Victorian Mourning Rituals
The Victorian Era, 1837 – 1901, brought us some of the most interesting rituals when it came to honoring the dead and ensuring the proper release of the spirit.
Due to tuberculosis, pneumonia, and other infections, death came often. Unfortunately a high number of children also passed, some before their first birthday.
When a death occurred, the mirrors in the home were covered to ensure the spirit of the deceased didn’t get trapped or confused upon leaving the body. If a mirror in the home fell and broke, it was considered a sign that another death was about to occur. The clocks were stopped at the exact time of death; it was believed to be bad luck if this ritual was not performed. The body was watched over every waking minute, hence the term “wake”. A wake lasted 3 – 4 days and served a couple of purposes, it allowed family appropriate travel time to visit the deceased and it ensured the person was actually dead and not just in a coma. Flowers and candles were used to hide any unpleasant odors since the practice of embalming had not yet caught on. A wreath of laurel tied with black ribbon was hung on the front door to alert passers by a death had occurred.

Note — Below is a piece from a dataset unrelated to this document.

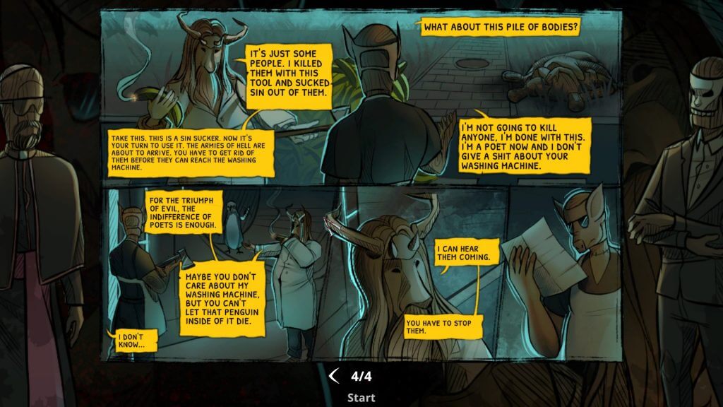 Com essa premissa aleatória, Marvim é convencido por um personagem chamado macaco – mas que não é um, de fato – a largar a aposentadoria para virar, novamente, um assassino (como você é visto por ter sido um açougueiro). Seu objetivo será defender uma máquina de lavar das intermináveis hordas de monstros. Logo a frente, tal máquina será revelada como sendo capaz de lavar os pecados das pessoas. Após esses eventos a história continua sem pé nem cabeça, e se desenvolve de forma tão aleatória que quase desisti de acompanhar e foquei só na ação.

Post mortem photography was also a popular practice. The invention of the daguerreotype made it easier for families to have photographs of loved ones when they could not afford to have a portrait painted. The deceased were often posed to seem more life-like, propped up with their eyes opened. Children were represented as being in a deep sleep holding their favorite toy. Unfortunately, at times, this was the only photograph mothers would have of their children. Later photographs would depict a more honest image of the deceased in their coffin.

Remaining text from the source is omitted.